[Import-sig] Re: Long-awaited imputil comments

Guido van Rossum guido@python.org
Wed, 16 Feb 2000 12:27:14 -0500


> Excellent! Thanx for taking the time and providing the great feedback.

And thanks for the replies.  Quick responses:

> > At the same time, I think it's far from
> > ready for prime time in the distribution.
> 
> Understood. I think some of your concerns are based on its historical
> cruftiness, rather than where it "should" be. I'll prep a new version with
> the backwards compat pulled out. People that relied on the old version can
> continue to use their older version (which is Public Domain, so they're
> quite free to do so :-)

OK, I'm awaiting a new imputil announcement.  (You should really have
a webpage for it pointing both to the old and the new version.)

> >         The hook mechanism for 1.6 hasn't been designed yet; what
> >         should it be?
> 
> Part of this depends on the policy that you would like to proscribe. There
> are two issues that I can think of:
> 
> 1) are import hooks per-builtin-namespace, or per-interpreter? The former
>    is the current model, and may be necessary for rexec types of
>    functionality. The latter would shift the hook to some functions in the
>    sys module, much like the profiler/trace hooks.
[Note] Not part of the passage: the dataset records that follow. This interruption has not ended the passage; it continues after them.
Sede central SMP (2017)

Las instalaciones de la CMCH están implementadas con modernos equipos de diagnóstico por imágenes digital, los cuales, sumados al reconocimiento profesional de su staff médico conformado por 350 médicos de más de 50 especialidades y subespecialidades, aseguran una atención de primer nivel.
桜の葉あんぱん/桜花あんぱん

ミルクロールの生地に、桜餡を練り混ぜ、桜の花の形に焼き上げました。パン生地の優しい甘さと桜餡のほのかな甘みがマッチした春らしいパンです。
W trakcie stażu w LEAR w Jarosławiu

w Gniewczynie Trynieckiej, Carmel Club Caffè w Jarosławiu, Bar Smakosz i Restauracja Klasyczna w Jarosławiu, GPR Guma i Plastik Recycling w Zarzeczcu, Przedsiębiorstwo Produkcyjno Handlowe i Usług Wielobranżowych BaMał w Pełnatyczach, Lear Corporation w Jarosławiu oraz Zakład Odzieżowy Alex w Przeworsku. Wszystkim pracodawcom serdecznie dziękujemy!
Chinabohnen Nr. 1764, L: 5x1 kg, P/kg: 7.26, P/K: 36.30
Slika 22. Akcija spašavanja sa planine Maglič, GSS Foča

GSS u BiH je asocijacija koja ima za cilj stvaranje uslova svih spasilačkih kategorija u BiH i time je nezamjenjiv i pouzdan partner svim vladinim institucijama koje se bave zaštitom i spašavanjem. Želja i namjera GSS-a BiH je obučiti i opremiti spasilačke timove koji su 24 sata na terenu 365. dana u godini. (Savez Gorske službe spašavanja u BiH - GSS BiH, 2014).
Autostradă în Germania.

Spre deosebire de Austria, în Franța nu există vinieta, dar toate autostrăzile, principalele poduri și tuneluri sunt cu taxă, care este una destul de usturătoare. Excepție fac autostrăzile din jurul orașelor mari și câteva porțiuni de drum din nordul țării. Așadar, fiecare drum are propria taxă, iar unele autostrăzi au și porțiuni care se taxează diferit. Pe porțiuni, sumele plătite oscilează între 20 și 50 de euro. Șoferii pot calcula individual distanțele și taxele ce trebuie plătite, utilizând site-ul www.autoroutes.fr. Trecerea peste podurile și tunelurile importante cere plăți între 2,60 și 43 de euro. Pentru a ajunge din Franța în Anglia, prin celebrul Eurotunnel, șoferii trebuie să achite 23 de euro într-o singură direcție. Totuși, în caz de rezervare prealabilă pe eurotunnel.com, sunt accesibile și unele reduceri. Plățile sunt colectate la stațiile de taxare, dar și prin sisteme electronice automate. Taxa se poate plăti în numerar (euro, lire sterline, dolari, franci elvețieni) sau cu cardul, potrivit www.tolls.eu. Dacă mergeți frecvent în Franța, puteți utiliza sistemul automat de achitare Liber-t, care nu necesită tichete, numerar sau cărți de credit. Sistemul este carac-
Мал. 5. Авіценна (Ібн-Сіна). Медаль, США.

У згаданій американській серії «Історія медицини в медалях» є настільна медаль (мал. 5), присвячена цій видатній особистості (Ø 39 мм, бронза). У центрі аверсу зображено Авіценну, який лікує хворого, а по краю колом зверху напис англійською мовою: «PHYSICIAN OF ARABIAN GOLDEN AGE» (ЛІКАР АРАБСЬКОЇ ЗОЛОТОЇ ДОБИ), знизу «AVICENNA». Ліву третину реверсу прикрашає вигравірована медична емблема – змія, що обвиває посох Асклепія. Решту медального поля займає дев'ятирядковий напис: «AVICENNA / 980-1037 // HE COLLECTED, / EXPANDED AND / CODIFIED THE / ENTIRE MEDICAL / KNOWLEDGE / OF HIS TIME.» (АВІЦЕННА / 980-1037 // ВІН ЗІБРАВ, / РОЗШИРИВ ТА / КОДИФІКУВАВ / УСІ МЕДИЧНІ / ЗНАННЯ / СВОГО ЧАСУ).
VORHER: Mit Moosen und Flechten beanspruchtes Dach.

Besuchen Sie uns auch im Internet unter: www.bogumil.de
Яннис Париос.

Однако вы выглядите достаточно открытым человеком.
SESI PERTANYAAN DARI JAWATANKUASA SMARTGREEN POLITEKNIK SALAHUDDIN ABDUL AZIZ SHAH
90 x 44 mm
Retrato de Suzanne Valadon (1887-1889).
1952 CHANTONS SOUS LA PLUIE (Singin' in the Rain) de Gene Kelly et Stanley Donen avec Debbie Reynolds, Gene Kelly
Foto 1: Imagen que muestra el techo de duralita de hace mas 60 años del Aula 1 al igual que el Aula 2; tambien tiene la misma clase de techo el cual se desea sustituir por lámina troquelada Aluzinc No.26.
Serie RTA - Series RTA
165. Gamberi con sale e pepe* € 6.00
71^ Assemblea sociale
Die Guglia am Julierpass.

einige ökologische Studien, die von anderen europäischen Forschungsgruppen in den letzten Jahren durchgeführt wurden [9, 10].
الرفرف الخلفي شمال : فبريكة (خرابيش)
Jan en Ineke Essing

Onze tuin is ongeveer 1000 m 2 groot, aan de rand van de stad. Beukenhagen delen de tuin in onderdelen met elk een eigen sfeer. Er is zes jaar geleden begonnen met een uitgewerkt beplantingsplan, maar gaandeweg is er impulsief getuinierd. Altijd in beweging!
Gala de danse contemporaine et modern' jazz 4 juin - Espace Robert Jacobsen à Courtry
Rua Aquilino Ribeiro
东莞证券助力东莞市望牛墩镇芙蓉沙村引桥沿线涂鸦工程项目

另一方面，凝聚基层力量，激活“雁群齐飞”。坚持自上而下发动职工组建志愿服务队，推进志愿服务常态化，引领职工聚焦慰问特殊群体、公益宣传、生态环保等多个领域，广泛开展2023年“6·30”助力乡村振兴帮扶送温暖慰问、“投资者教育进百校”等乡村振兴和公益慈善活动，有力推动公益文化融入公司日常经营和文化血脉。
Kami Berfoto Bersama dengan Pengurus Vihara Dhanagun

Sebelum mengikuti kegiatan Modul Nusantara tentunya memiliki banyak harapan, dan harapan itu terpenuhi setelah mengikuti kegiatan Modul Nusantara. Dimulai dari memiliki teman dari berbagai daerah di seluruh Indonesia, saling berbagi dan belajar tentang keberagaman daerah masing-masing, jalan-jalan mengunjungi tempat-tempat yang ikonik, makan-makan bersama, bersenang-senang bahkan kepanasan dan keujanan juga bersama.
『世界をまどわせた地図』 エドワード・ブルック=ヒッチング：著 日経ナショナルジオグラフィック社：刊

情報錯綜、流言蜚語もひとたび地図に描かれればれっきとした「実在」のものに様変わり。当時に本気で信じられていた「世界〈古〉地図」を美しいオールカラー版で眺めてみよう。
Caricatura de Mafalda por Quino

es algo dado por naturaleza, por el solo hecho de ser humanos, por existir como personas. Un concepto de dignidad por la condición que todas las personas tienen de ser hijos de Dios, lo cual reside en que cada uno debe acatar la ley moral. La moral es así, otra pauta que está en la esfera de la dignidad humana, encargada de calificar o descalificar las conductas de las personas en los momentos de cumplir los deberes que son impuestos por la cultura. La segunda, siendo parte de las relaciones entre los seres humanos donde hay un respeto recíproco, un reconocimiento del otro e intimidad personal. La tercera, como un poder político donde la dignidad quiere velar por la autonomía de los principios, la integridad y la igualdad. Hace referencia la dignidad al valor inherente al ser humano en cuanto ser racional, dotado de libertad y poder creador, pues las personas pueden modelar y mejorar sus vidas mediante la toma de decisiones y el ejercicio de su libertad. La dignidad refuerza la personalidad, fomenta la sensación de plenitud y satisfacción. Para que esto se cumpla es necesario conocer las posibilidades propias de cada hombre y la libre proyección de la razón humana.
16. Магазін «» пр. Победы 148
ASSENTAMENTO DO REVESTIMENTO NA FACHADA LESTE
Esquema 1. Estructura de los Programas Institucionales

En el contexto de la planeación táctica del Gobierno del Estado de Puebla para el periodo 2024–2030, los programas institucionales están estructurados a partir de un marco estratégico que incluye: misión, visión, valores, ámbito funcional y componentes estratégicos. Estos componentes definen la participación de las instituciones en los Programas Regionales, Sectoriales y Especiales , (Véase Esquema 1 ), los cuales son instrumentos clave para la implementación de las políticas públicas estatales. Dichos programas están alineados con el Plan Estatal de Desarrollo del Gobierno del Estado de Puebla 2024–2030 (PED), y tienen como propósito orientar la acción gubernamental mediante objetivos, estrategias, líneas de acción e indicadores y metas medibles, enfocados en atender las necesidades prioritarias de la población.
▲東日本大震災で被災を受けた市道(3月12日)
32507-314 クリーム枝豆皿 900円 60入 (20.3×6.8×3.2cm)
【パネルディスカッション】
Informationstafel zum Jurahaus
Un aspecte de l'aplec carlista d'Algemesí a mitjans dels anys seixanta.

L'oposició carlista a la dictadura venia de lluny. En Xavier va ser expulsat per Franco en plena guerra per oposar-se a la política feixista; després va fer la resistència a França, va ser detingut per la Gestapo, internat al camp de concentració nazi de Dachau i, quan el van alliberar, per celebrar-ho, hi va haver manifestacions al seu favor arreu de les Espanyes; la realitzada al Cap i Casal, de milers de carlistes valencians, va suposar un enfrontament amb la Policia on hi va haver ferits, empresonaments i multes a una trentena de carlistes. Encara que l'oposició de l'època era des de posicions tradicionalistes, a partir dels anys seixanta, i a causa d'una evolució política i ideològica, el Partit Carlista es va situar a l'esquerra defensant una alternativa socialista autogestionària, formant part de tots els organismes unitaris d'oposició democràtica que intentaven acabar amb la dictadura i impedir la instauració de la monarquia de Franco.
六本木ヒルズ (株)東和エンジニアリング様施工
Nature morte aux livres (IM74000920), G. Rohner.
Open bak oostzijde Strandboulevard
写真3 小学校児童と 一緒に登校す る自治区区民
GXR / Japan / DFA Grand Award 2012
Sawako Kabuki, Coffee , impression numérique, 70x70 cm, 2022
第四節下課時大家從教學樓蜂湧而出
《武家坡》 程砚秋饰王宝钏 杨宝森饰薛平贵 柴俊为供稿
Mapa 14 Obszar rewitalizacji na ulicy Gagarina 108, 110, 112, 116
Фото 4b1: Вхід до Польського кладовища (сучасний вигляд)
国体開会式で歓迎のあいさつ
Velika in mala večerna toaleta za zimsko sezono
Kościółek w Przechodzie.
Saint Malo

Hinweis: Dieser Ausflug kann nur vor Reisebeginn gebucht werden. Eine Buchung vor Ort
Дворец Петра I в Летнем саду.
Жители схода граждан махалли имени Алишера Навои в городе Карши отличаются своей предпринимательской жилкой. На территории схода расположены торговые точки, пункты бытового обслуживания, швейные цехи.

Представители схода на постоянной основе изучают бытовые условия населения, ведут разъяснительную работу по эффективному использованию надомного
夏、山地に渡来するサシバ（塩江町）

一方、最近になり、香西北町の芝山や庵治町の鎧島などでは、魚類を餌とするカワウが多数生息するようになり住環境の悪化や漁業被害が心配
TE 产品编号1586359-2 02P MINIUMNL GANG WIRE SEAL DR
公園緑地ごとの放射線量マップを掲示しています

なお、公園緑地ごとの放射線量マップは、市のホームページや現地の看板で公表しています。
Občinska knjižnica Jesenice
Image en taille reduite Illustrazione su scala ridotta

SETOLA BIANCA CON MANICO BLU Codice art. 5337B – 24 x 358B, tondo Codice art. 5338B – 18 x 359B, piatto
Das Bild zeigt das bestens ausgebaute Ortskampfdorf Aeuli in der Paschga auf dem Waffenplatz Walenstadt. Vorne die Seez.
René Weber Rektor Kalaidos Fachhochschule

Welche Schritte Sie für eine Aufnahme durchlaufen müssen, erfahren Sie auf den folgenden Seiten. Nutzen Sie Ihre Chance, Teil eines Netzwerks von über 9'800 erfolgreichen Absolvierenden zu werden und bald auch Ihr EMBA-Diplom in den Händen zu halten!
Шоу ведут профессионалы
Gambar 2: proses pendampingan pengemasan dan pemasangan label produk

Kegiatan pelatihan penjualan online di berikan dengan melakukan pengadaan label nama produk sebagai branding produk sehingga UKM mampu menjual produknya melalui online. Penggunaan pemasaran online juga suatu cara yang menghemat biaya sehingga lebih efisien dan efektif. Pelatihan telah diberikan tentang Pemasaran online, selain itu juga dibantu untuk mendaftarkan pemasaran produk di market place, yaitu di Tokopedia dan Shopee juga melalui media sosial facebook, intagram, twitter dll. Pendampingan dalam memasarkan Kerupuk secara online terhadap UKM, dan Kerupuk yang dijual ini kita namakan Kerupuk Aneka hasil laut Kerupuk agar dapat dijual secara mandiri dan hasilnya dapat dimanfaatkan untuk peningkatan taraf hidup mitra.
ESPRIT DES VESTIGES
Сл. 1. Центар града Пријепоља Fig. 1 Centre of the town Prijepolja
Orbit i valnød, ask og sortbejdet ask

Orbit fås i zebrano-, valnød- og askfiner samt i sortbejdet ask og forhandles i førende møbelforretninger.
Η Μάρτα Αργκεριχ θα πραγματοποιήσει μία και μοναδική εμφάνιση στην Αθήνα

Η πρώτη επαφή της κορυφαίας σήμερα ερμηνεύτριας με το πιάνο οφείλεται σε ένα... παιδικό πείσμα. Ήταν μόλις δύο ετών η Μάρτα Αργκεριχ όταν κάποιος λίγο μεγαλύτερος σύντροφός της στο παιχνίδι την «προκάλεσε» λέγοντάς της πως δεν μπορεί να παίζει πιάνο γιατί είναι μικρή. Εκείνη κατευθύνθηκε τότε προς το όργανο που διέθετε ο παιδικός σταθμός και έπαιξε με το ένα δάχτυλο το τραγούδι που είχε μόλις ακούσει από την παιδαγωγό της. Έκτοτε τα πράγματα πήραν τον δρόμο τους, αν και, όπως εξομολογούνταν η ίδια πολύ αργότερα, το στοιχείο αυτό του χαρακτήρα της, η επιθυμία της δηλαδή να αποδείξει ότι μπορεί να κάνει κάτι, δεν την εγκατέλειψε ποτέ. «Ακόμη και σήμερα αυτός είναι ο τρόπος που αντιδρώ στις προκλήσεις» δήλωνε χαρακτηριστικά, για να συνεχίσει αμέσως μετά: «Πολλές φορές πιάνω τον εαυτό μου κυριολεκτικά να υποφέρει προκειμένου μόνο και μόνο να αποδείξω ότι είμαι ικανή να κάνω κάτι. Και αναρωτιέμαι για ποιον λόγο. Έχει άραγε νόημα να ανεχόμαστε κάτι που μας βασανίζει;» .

Yes, per-builtin-namespace is necessary because of rexec -- the system
must translate an import statement into a call to a hook that depends
on the builtin namespace, because that's how rexec environments (there
may be many per interpreter) are denoted.

> 2) currently, Python has a single hook, with no provisions for multiple
>    mechanisms to be used simultaneously. This was one of the primary
>    advantages of imputil and its policies/chaining -- it would allow
>    multiple import mechanisms. I believe that we want to continue the
>    current policy: the core interpreter sees a single hook function.

Yes.

>    [ and Standard Operating Procedure is to install an ImportManager in
>      there, or a subclass ]

Yes.

> For a while, I had thought about the "sys" approach, but just realized
> that may be too limited for rexec types of environments (because we may
> need a couple ImportManagers to be operating within an interpreter)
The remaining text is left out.